We had several tens of thousands of records to anonymise, from a population of tens of millions. The data request specified which fields were required, so we started with that. No direct identifiers were requested.

We removed some variables which were requested but for which there was no justification for sharing in the study protocol, including small area identifiers such as LSOA and MSOA.

Next step was to identify which quasi-identifiers remained in the data, such as demographics. Taking a risk-averse approach there were about a dozen of these.

The next step is to get your data into the sdcMicro Shiny app (hopefully by now no one panics when they see data in a locally-running Shiny app).

You can load your data directly into the app and do your data preparation in the app, but I did it in R first. You need to make sure that all your quasi-identifiers (which sdcMicro calls “key variables”) are of either factor or numeric type. You may also wish to convert certain numeric key variables to factor (I did this for year and week of death).

I got weird errors when trying to get sdcMicro to ingest the data in data.table format, so stuck to using data frames. You may have better luck with tibbles.
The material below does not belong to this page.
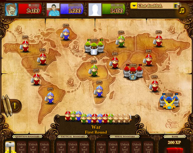Triviador incluye un sistema de chat para que hagas amigos con todos los jugadores de la red social Facebook y a medida que aprendemos a movernos alrededor del mapa, podemos enviar nuestras tropas a diferentes zonas del mundo.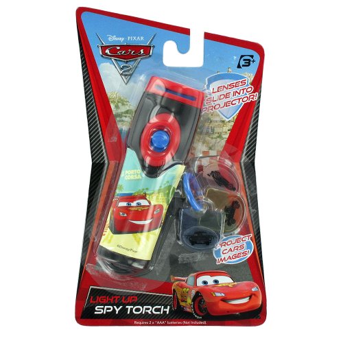 Dieser Handprojektor wirft drei verschiedene Cars 2 Motive auf eine Oberfläche, die einzeln vor die Projektionslampe geschoben werden können. Der Griff ist mit einem Cars 2 Motivsticker versehen, der abgelöst werden kann. Batteriebetrieben (2xAAA sind nicht enthalten).

You can load your data set into memory in R before running the app, i.e. something like this:

library(sdcMicro)
mydata <- read.csv('thedata.csv')
sdcApp(debug = TRUE)  # or e.g. output <- sdcApp() if you want to save the output

I have been running the app with debug=TRUE so that you can see more verbose output in the console (sometimes reassuring when things are slow).

The app should now open. You will see the following tabs:

  • About/Help: some information on the app; it’s also where you can specify where things will be saved, and stop the app if necessary
  • Microdata: where you select a data set in memory, or load data from a file, and can then explore your data with basic tabulations or charts; you can make a number of basic modifications to the data if you haven’t already; you can also select a subset of the data (useful when testing with a large data set)
  • Anonymize: where you indicate which of your variables are quasi-identifiers (categorical or numeric) to “set up your SDC problem”; you can also delete variables; once the SDC problem is set up, you are shown a number of anonymisation methods; if you go for k-anonymity then you can specify the “importance” of each quasi-identifier (on a scale of 1 to 10; an importance of 10 means the algorithm will start there replacing values with missing; an importance of 1 means this variable won’t have values replaced with missing until the other variables have been looked at); click “Establish k-anonymity” when ready and then go and do something else
  • Risk/Utility: shows a whole range of risk measures and other things that I haven’t fully explored yet
  • Export Data: export your anonymised data in a number of formats; you can also export basic/detailed reports of what was done
  • Reproducibility: export an R script for actions you have done in the app; you can also export an .Rdata object containing the state of the app (or import a previously saved one)
  • Undo: undo the last step you did in the app

There are lots of other options which I haven’t fully explored yet. For a data set of several tens of thousands rows, with about a dozen quasi-identifiers, it took a couple of hours on my work machine (64GB RAM). I then exported the data and the state of the app; also the R script, though I found this needed some modification to make it run. I hope this means the data will be shared soon!

There is full documentation of the app here. I also found this article useful.